Je prends donc mon courage à deux mains et quitte le matelas qui me paraît confortable. Point positif à noter : si j'arrive à garder mon calme, je pourrai y passer une bonne nuit. Il y a peu de chance que cela arrive, entre les angoisses habituelles et le stress de ma prochaine journée, mais il n'y a pas de mal à espérer.
Ma chambre n'est pas très loin de l'escalier, ce qui me permet de ne pas être trop perdue dans cette immense demeure et de trouver le chemin vers le rez-de-chaussée. Une fois arrivée, je me dirige naturellement vers l'arrière de la maison. Sur le chemin, je croise un valet à qui je demande un peu d'aide. Il finit par me conduire jusqu'à ma destination, laissant en suspens ce qu'il était en train de faire.
Lady Mackenzie et sa famille sont bien là, assis autour d'une table ronde en fer blanc. Me remarquant, ils se lèvent tous avant de reprendre leur place une fois que je suis installée à la mienne.
— Qu'est-ce qu'il vous ferait plaisir, Votre Altesse ? Bernard, notre chef cuisiner, peut vous préparer tout ce que vous souhaitez.
— C'est très gentil, Lady Mackenzie, mais je crois que les mets déjà présents sur la table seront suffisants pour me rassasier après le voyage. Ces macarons ont d'ailleurs l'air drôlement délicieux.
Avant d'avoir pu me pencher pour en attraper un, Lord Mackenzie se saisit du présentoir et l'approche un peu plus de moi.
— Ils le sont, me confirme-t-il. Peut-être un peu trop pour mon régime, ajoute-t-il en se tapotant le ventre d'un air gourmand.

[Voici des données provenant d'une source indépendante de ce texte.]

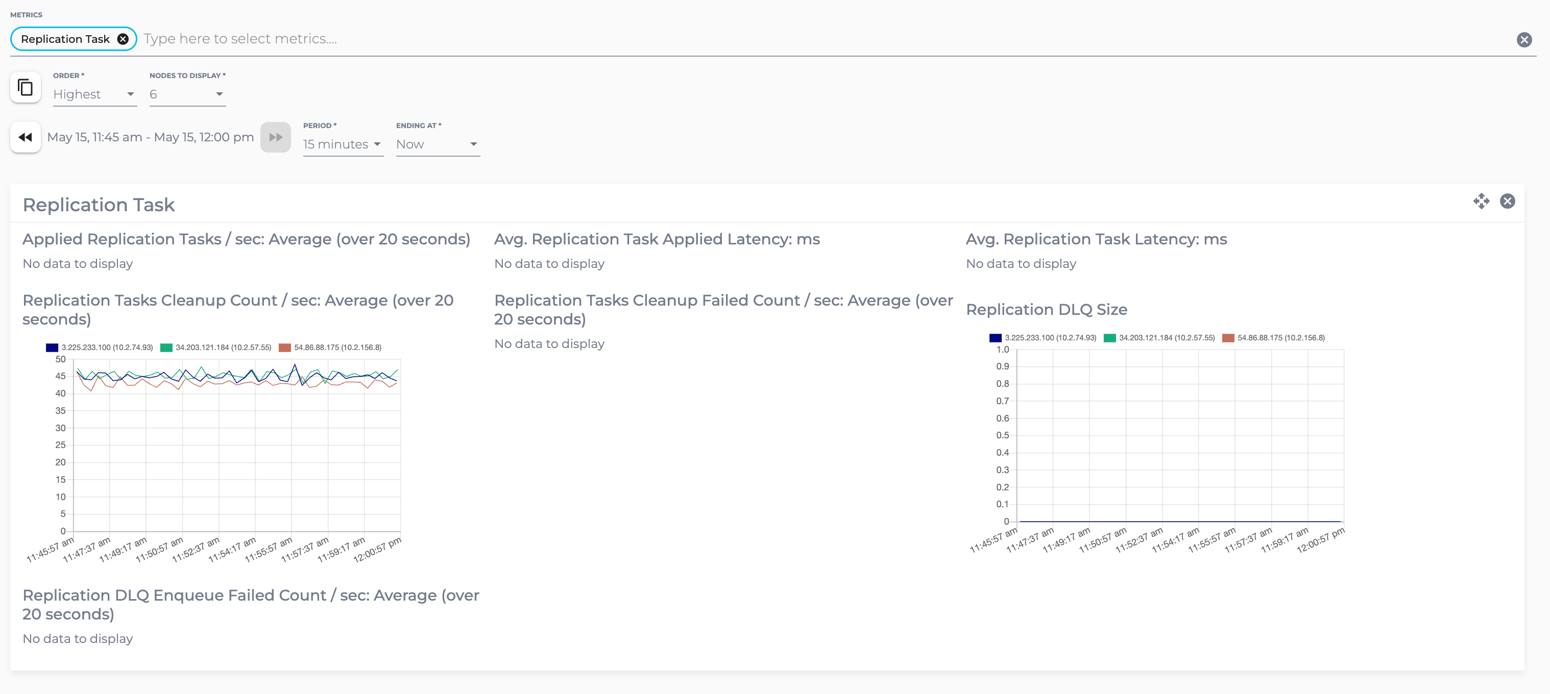 - Average Replication Task Latency: This is the average latency from replication tasks being created to them being applied, in milliseconds.

Mais il m'est difficile d'y résister, je dois bien l'avouer. C'est notre sous-cheffe qui les concocte, elle est française.
J'acquiesce d'un sourire face à ces explications avant de m'en saisir d'un à la couleur verte, il doit sûrement être à la pomme ou à la pistache. À vrai dire, je fais à peine attention à sa saveur lorsque j'en prends une première bouchée. Étonnamment, l'information sur la nationalité de sa sous-cheffe a presque comme un goût amer dans la bouche. Une simple mention d'un pays dans lequel j'ai vécu plus de seize ans a le don de me submerger de souvenirs qui ont pris une connotation douloureuse désormais.
— Alors, qu'en dites-vous, mademoiselle ? m'interroge l'hôtesse.
— C'est effectivement délicieux, menté-je.
Ça l'est probablement, mais je n'ai pas pu apprécier cette première bouchée. Je mets la deuxième partie du macaron déjà entamée dans ma bouche, bien déterminée à passer un agréable moment. Et si ce n'est par pensée, au moins gustativement parlant. Je mâche quelques secondes avant d'approuver d'un signe de tête.
— Oui, c'est vraiment délicieux, répété-je d'une voix plus convaincante.
Lady et Lord Mackenzie se jettent un regard complice. Comme soulagée et ravie de voir que cette première étape s'est bien passée.
— Je ferai en sorte qu'il y en ait chaque heure du thé, m'informe-t-elle. Avez-vous un goût préféré ?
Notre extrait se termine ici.